- Born: 20 October 1786 Carnanton House
- Died: 28 May 1878 (aged 91) Budleigh Salterton
- Parent(s): James Willyams ;

= Jane Louisa Willyams =

British novelist and historian

Jane Louisa Willyams (20 October 1786 – 28 May 1878) was a British novelist and historian. Her work focused on early Protestantism in Europe.

Jane Louisa Willyams was born on 20 October 1786 at Carnanton House in Cornwall. She was one of eight children of James Willyams.

With her sister Charlotte Champion Willyams Pascoe she wrote a novel, Coquetry (1818), published thanks to the help of Sir Walter Scott.

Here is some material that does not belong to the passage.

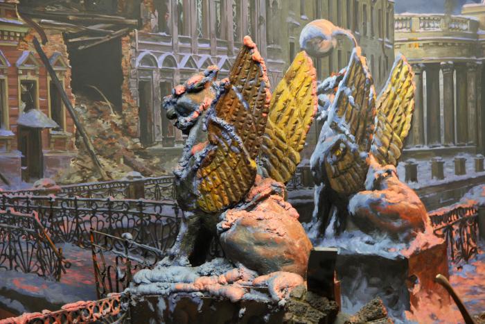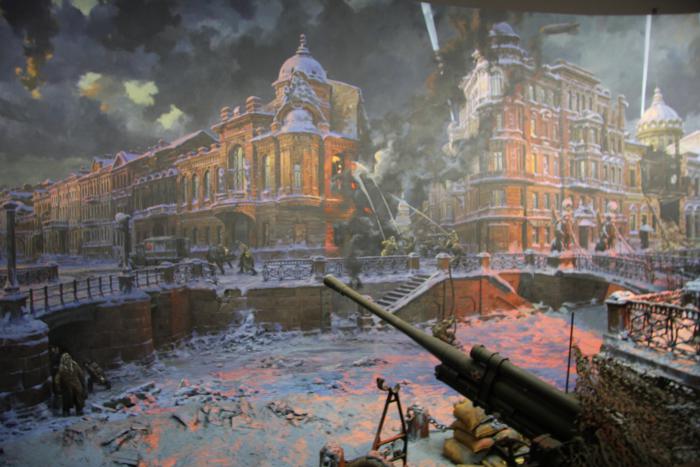 Живописец студии им. Грекова Евгений Алексеевич Корнеев сумел придать своей композиции наиболее яркое и чувственное восприятие постановочной сцены. Использование новейших методов декоративной росписи придало диораме реалистичный вид. В основу его замысла лёг образ города-героя, жители которого оставались стойкими и мужественными в долгие дни полной блокады, получая в день по 150 грамм хлеба. Окружённый в конце августа 1941-го, Ленинград выстоял. 27 января 1944 года небо над городом раскрасил праздничный салют.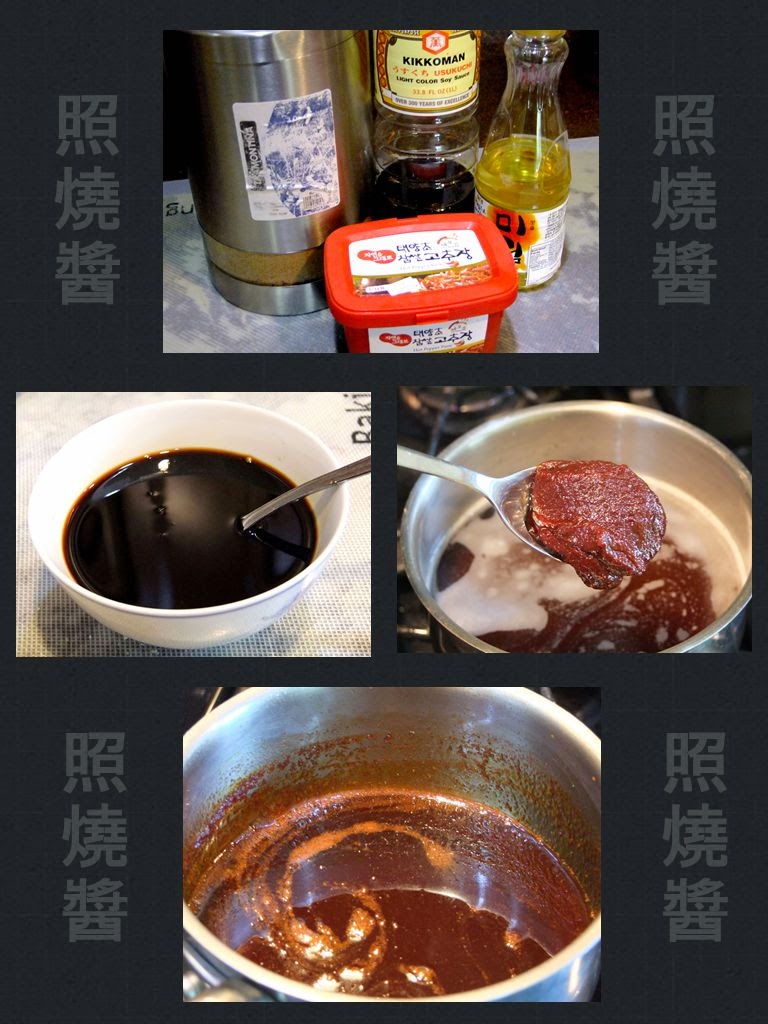 1. 把所有照烧酱材料倒入一口小锅里用打蛋器拌勻,先大火煮滚然后转中小火熬制大约10分钟,然后加入2大匙的韩国辣椒酱,再熬煮 5-10分钟,至浓稠。熄火冷却备用。

Willyams never married. After the death of her father in 1828, Willyams became a resident of a Protestant nunnery in Bristol, the Ladies’ Association. She left the following year, writing about her "disappointment at not finding the society composed of consistent and self-denying Christians."

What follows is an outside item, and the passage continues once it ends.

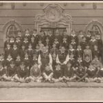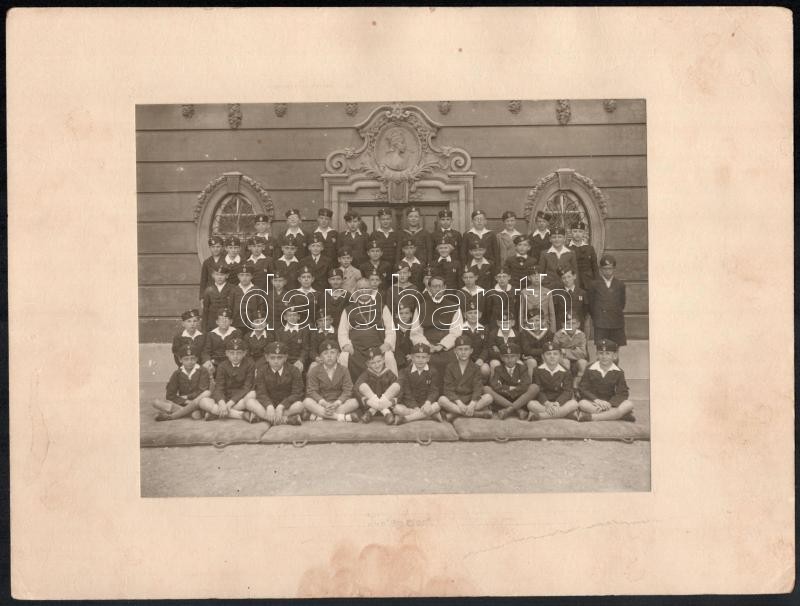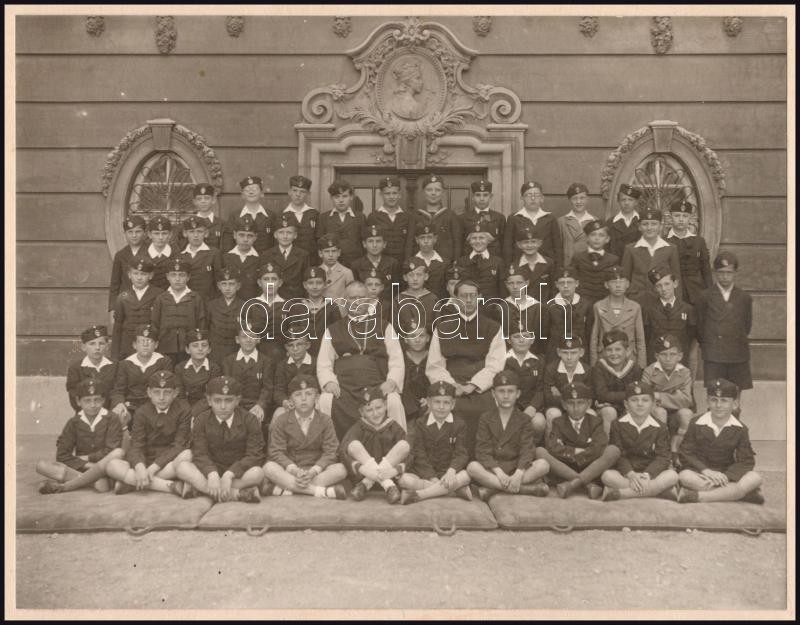 cca 1930 Bp., a Budai Ciszterci Szent Imre Gimnázium tablóképe, rajta Bitter Illés (1868-1939) igazgató, kartonra ragasztott fotó, a kartonon törésnyommal, foltokkal, hátoldalán feliratozva, 21,5×16,5 cm<a href="https://www.darabanth.com/hu/gyorsarv

After a four month stay at Chillon Castle, she published the novel Chillon: or, Protestants of the Sixteenth Century. An Historical Tale in 1845. The same year she published an anti-Catholic tract, The Reason Rendered: A Few Words Addressed to the Inhabitants of M——, in Cornwall.

She published a history of the Waldensians, a heretical sect founded in the 12th century often seen as proto-Protestant, in 1855 and a novel about the Hapsburgs, The Tower of the Hawk, in 1871.

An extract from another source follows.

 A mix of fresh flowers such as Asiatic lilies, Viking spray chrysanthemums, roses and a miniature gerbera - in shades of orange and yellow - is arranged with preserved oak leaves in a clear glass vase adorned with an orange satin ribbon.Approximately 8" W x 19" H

Jane Louisa Willyams died on 28 May 1878 in Budleigh Salterton.

== Bibliography ==

- Coquetry, 1818
- Chillon: or, Protestants of the Sixteenth Century. An Historical Tale.  2 vol.  London: Hatchard, 1845.
- The Reason Rendered: A Few Words Addressed to the Inhabitants of M——, in Cornwall. London, 1845.
- A Short History Of The Waldensian Church In The Valleys Of Piedmont: From The Earliest Period To The Present Time, 1855
- The Tower of the Hawk: Some Passages in the History of the House of Hapsburg.  1 vol.  London: Hatchard, 1871.